Toshiba Records | TP-80158 | JPN | 1982 | M: VG+ / VG+ | JK: VG
A1: Recuerdos De La Alhambra 4:51
A2: Drifting Alone 4:00
A3: Dancing On The Beach 4:36
A4: Visions Of You 3:14
A5: One Night Love 4:38
B1: Pictures At An Exhibition 13:37
B2: Concierto De Aranjuez 4:05
B3: Piano Concerto No.1 4:25
B4: Bolero 4:05
70年代から活動する琴奏者 長田清子 が、82年に Toshiba Records から発表したアルバム。全9曲で、クラシック曲の翻案とオリジナルを交えた構成。パーカッションに Pecker、ギターに 丹波博幸、ベースに 三国千晴、キーボードに 植芝理一、ドラムに 鈴木二郎 が参加。
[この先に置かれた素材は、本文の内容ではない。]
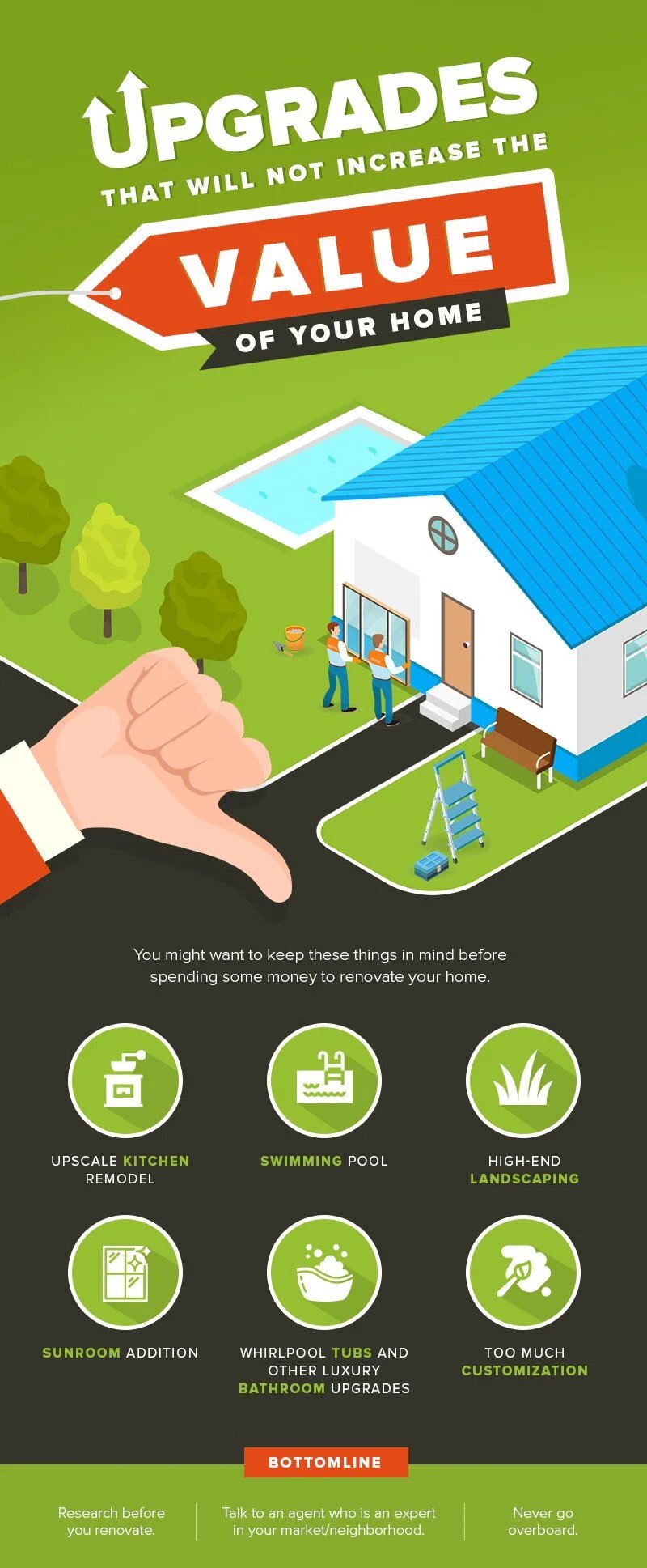 ### **_Part 3 of Everything You Need To Know About Your Home's Value series_** * * * **Here are home improvement projects that may not increase the value of your property, and could even bring it down when it's time for you to sell. You might want to keep these things in mind before spending some money to renovate your home.**  ### **Upscale kitchen remodel**  A high-end kitchen might be the ultimate gift for any home chef. Especially after several months of isolation, our kitchens might have become our comfort place. But if you think upgrading your kitchen to a “gourmet” status with a commercial stove, marble countertops, and high-end appliances will automatically increase its resale value, you might be in for a surprise. According to Remodeling magazine's 2020 Cost vs. Value report, an upscale kitchen renovation recoups just 54% of its cost in added value. So think twice before upgrading your space into a fancy, restaurant-style kitchen whose style doesn’t fit in with the rest of the house, or the neighborhood. This kind of kitchen remodel might even deter potential buyers. Focus instead on small kitchen upgrades that could yield a bigger payoff. ### **Swimming pool**  It's a dream come true to lounge by the pool, cocktails in hand, in the comforts of your own backyard. But while you can’t put a price tag on how much joy a swimming pool will add to your home and quality of life, you might want to think twice before considering this update. According to HouseLogic, installing an in-ground pool might only make more financial sense if you live in a state with a year-round hot or warm climate, or if you live in a higher-end neighborhood where most homes have pools. Your home’s value could only increase by no more than 7% after the pool installation, and only in certain circumstances. Not to mention, pools are expensive to install, difficult and pricey to maintain, increase your energy costs, and could even raise your homeowner’s insurance. And since a pool could also pose as a hazard, it might be a turn-off for buyers with small children. With its very minor potential value increase, a swimming pool addition may simply not be worth it. ### **High-end landscaping**  There's no doubt that landscaping can dramatically improve the curb appeal of a home. However, investing in expensive landscaping and going over the top to create what could be a backyard paradise will not increase your home’s value. Rather, it will only increase the maintenance required for it, which could be a concern to potential buyers. If you plan to sell, the sad truth is you won’t recoup the cost of the high-end landscaping in the sale. Likewise, any fancy decorative additions you add to make your lawn more attractive may not match the buyers’ tastes. This is why it’s best to stick with keeping your garden beautiful but won’t require countless hours of work. Should you wish to add any decorative window boxes and other lawn enhancements, make sure that they can be easily removed. A well-kept lawn that is easy to maintain all-year round will certainly make a better impression than a backyard with upscale landscaping. ### **Sunroom addition**  Unless the homes in your neighborhood have sunrooms that will help you stay competitive when you decide to sell, a sunroom addition adds very little to your home's value. This project can cost anywhere from $30,000 to $70,000, making it one of the most expensive home upgrades. And yet, it has one of the lowest returns on investment, returning an average of only about 49% of money spent. So even if a sunroom can be a great space for you to enjoy the outdoors, think carefully about how often you will use it before deciding to do this costly upgrade. Also, remember that a sunroom can also raise your energy costs in the winter and summer since glass doesn’t provide insulation. ### **Whirlpool tubs and other luxury bathroom upgrades**  Similar to swimming pools, tubs and other upscale bathroom improvements are also a gamble. Hot tubs and whirlpool baths take up space, require constant maintenance, and may result in higher monthly energy bills. Plus, home buyers with younger children might consider a tub as a safety hazard as some of them are difficult to climb into. If a hot tub is one of your must-haves, consider a portable hot tub instead of a built-in one so you could potentially take it with you when you move, or the new homeowners can easily remove it whenever they want to. Also, you might want to consider a walk-in shower that many homeowners can use frequently and will appeal to a wider pool of buyers. Further, don't get carried away by luxury bathroom additions like waterfall showers and over-personalized finishes that may cater only to buyers with specific tastes. ### **Too much customization**  We all love to make our homes better and more enjoyable to live in. However, any over-personalized or drastic renovations can hurt your home's value. Quirky tiling, wallpaper, adding textures and bold paint to walls, and other customized features will not appeal to the broadest pool of buyers. Worst, they will see it only as a distraction or as an added expense, especially if they will have to spend time and money to remodel it. So steer clear of any upgrades that are so personal or so specific that they will not add any resale value and will turn home buyers away when it’s time for you to sell your home. ### **Bottom Line** - **Research before you renovate.** Before doing any renovations, you need to look at your neighborhood. Look at comparable homes for sale near you and make sure the improvements you're planning to make align with the norms of your neighborhood, especially since individual markets place different values on different home improvements. And since buyers will also look at the average price of a home in your area, remember to have almost the same features or else your property will be priced out of the expected range and you won’t get your money

フュージョンとして聴ける作品ですが、成り立ちとしては和楽器の現代化をかなり明快に打ち出した作品と言ってよさそうです。
琴を伝統楽器として慎ましく置くのではなく、完全にバンドサウンドの前線へ押し出しているところが聴きどころす。音の芯はたしかに和楽器なのに、響きの処理やリズムの運びはかなり80年代初頭のクロスオーヴァー感覚に近いです。タイトル曲A2「Drifting Alone」の浮遊感、 A3「Dancing On The Beach”」の軽やかなグルーヴ、さらにB面での B1「Pictures At An Exhibition”」や B2「Concierto De Aranjuez」の扱い方からもわかるように、この作品は単なる琴のイージーリスニングではなく、クラシック、フュージョン、和な音色感覚をひとつのポップなフォーマットへ整理し直した1枚です。琴の音がエスニックにもコンテンポラリーにも聴こえるのは、楽器そのものの珍しさよりアレンジ側がその曖昧さをうまく活かしているからだと思います。
和モノやレアグルーヴの文脈で拾われることもある盤ですが、実際にはもう少し広く、80年代の日本で和楽器をどう“いまの音”として鳴らすかを探った作品として見たほうがしっくりきます。伝統色を強調しすぎず、かといって完全に洋楽的なフュージョンへ溶かし切ってもいない。その半端さがむしろ魅力で、琴という楽器に対して固定的なイメージを持っているほど、新鮮に聴こえる1枚です。日本盤。